If the early universe produced black holes lighter than about 10^11 kilograms, Hawking radiation would have evaporated them by now or be evaporating them today, possibly producing observable gamma-ray bursts, neutrinos, or gravitational waves. Heavier primordial black holes would still exist and could account for some or all of dark matter. Carr and Hawking proposed this in 1974; fifty years of searches have set tight upper limits without a confirmed detection.
Predictions
  • The von Neumann entropy of the Hawking radiation follows the Page curve: it grows linearly with radiated mass past the start, peaks at the Page time (when half the initial mass has evaporated), then decreases linearly back to zero as the black hole disappears
  • Past the Page time the calculation is dominated by a new geometry, a replica wormhole that connects copies of the spacetime, rather than the standard Hawking geometry; this switch in which geometry matters most is what forces the entropy back down
  • The radiation past the Page time encodes the black hole interior in a precise (entanglement-wedge-reconstruction) sense, with the encoding becoming explicit through the replica-wormhole calculation
  • Information is recoverable from the radiation in principle, but the effort required grows exponentially with the black hole's initial size, making the recovery effectively impossible in practice (the Harlow-Hayden 2013 argument)
  • Primordial black holes of mass about 10^11 kilograms (about 10^14 grams) should be evaporating now and producing detectable gamma-ray bursts in the GeV range; the predicted spectrum and event rate are calculable from the Hawking formula
  • Heavier primordial black holes (10^17 to 10^23 kilograms, asteroid-mass) could comprise all of dark matter without violating current observational constraints; specific microlensing and CMB signatures should appear if the abundance is high enough
  • PBH mergers should contribute to LIGO/Virgo gravitational-wave signals if PBHs are a significant fraction of dark matter in the stellar-mass range; the predicted mass distribution, spin distribution, and event rate would differ from astrophysical black hole mergers
  • The NANOGrav 2023 pulsar-timing-array gravitational-wave background could be partly consistent with a primordial-black-hole merger population at solar-mass scales; this remains an active research question
Where it breaks
  • The replica-wormhole derivations are explicit only in specific toy models (2D JT gravity, AdS settings); whether the construction extends to realistic 4D evaporating black holes in our universe is conjectured but not proved
  • The construction recovers the von Neumann entropy curve but does not directly tell you what an infalling observer experiences at the horizon locally; that remains a separate question (the BHIP family covers it)

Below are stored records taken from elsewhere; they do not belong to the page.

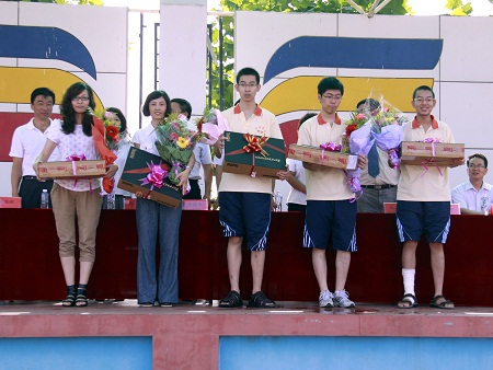 学校还特别表奖了国际金牌获得者姜一君、王贺明、陈鑫与高考大连市文理状元吕思瑶、王天一。
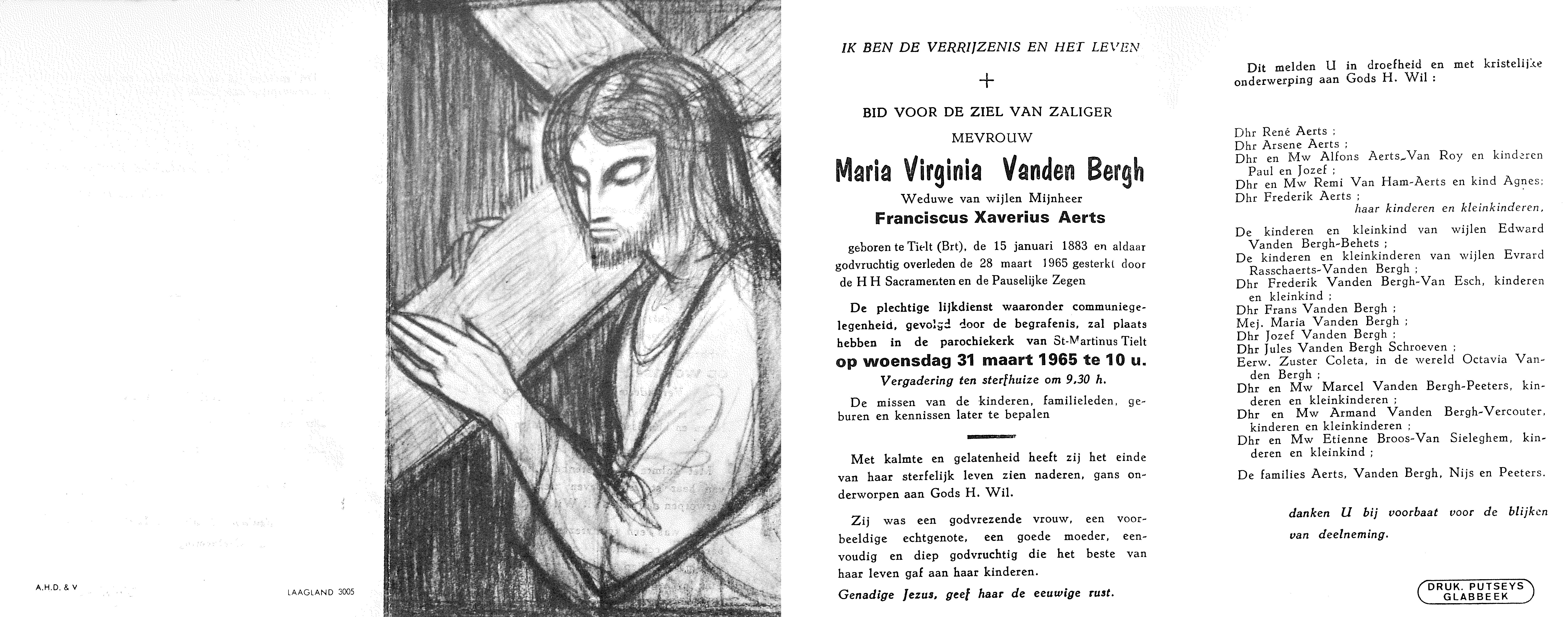 - BeschrijvingDoodsprentje Maria Virginia Vanden Bergh°Tielt (Br), 15/01/1883 en er +28/03/1965 weduwe van Franciscus Xaverius Aerts
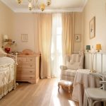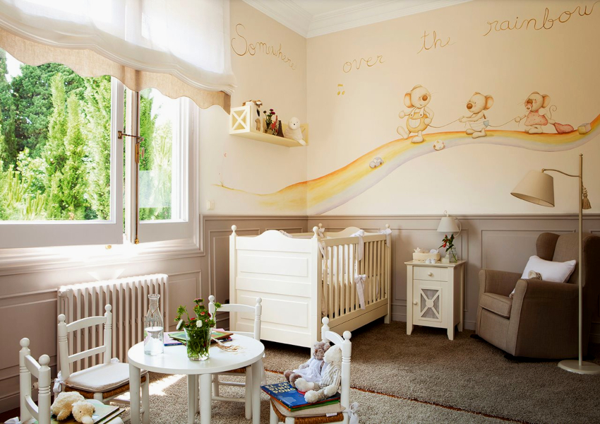 Klasik. Reka bentuk yang sesuai untuk bilik kanak-kanak perempuan dan budak lelaki. Kehadiran warna pastel adalah ciri: krim, kuning air, seperti kayu. Bilik itu mesti mengandungi perabot kayu dan tekstil khas.
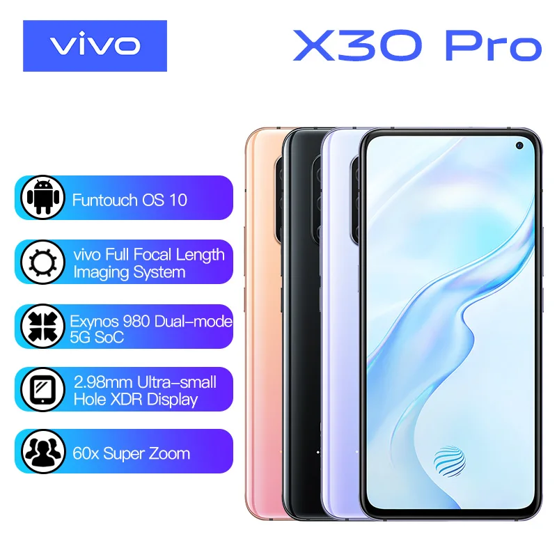 | Original vivo X30 Pro 5G SmartPhone 6.44 Exynos 980 8G 128G Android 9.0 64.0MP 90HZ 44W Fast Charger 60x Zoom Cell Phone |
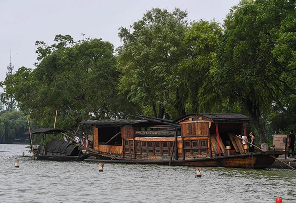 7月1日,嘉興南湖景區(qū)內(nèi)停泊的中共一大紀念船。新華社記者 徐昱 攝
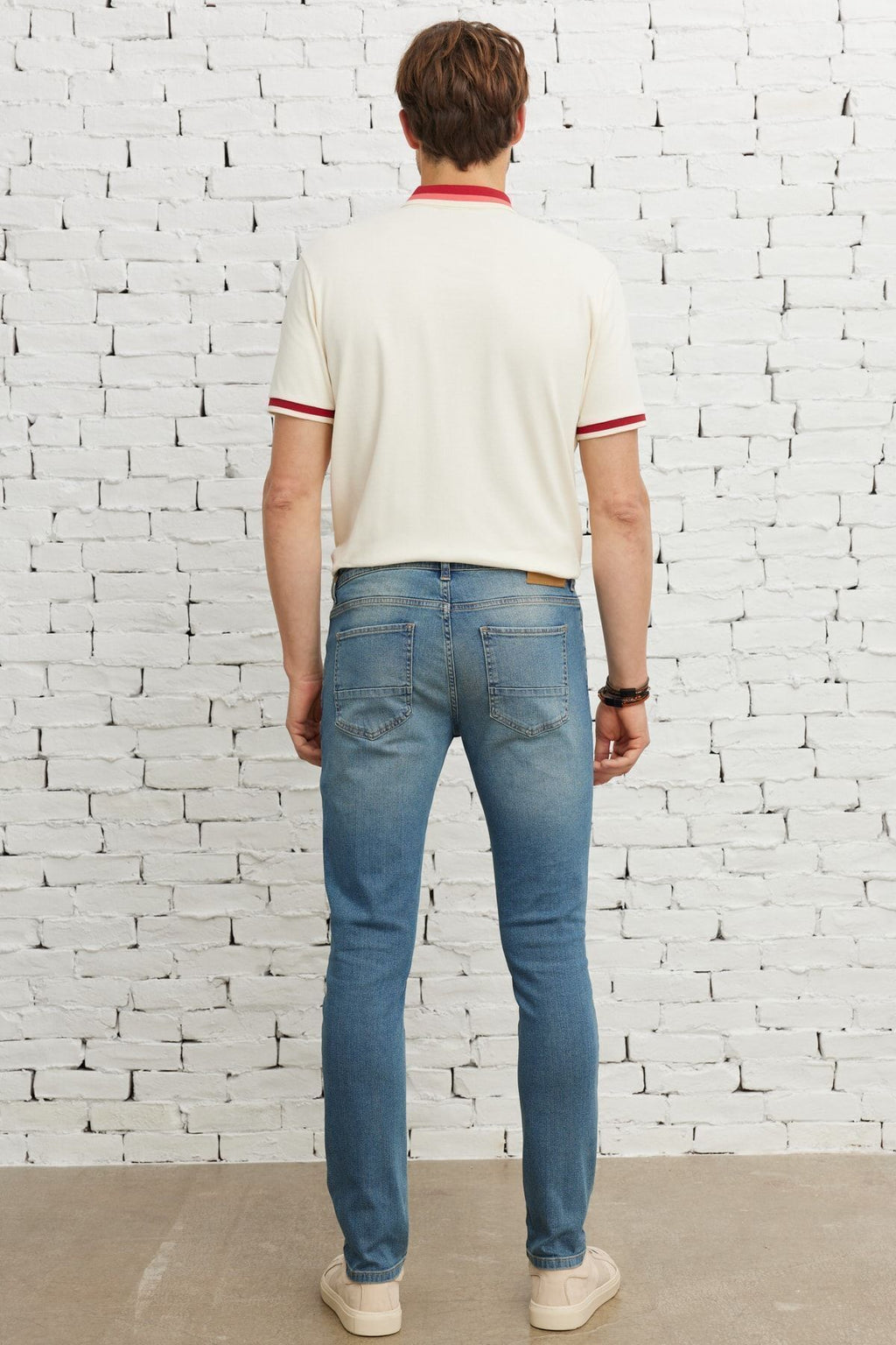 Men's petroleum blue extra slim fit narrow cut cotton flexible RISS jean jeans denim pants
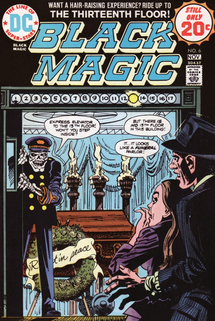 A Jack Kirby cover scene gets winningly recast for the 70s by Jerry Grandenetti, himself a contributor to the original series. This is Black Magic no. 6 (Oct.-Nov. 1974, DC).
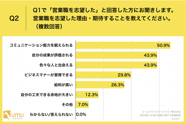 Q1で「営業職を志望した」と回答した方にお聞きします。「Q2.営業職を志望した理由・期待することを教えてください。(複数回答)」(n=57)と質問したところ、「コミュニケーション能力を鍛えられる」が50.9%、「自分の成果が評価される」が43.9%、「色々な人と出会える」が43.9%という回答となりました。
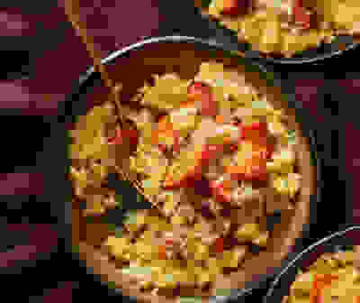 Lentil & coconut soup with spiced tofu patties

  • Some authors (Marolf, Bousso, and collaborators in various papers) argue the replica-wormhole results are best interpreted as a reframing of the information paradox rather than its resolution; the original physical question about local horizon physics is partially separate from the von Neumann entropy story
  • The path-integral derivations involve choices (how to define entropy, which contour to integrate over, how to interpret summing over topologies) that are technically debated; not all authors agree the calculation is fully under control
  • No PBH evaporation signature has been detected despite 50 years of searches. Fermi, INTEGRAL, EGRET, and other gamma-ray missions have set upper limits in the evaporating-now mass range; no positive detection has been confirmed
  • Observational constraints are tight across most mass ranges. The surviving windows for PBHs comprising all of dark matter are narrow, concentrated around the asteroid-mass scale (10^17 to 10^23 kg); broader mass distributions are more easily ruled out than monochromatic populations
  • LIGO/Virgo black hole mergers are statistically consistent with astrophysical (non-primordial) origin; PBH contributions remain a research question rather than a confirmed signal
  • The PBH-as-all-dark-matter scenario requires specific early-universe physics (large enhanced perturbations at small scales) that has not been independently observed; the mechanism is not ruled out but is not directly evidenced either
Key unresolved problem
The toy-model problem: the replica-wormhole derivation works only in simplified model universes, and no one has shown it carries over to the realistic four-dimensional black holes that actually evaporate in our universe.
The missing-detection problem: fifty years of searches have never caught a primordial black hole, one born in the early universe, in the act of evaporating, so the mass range that should be exploding now is pinned down only by what we have failed to see, never by a real signal.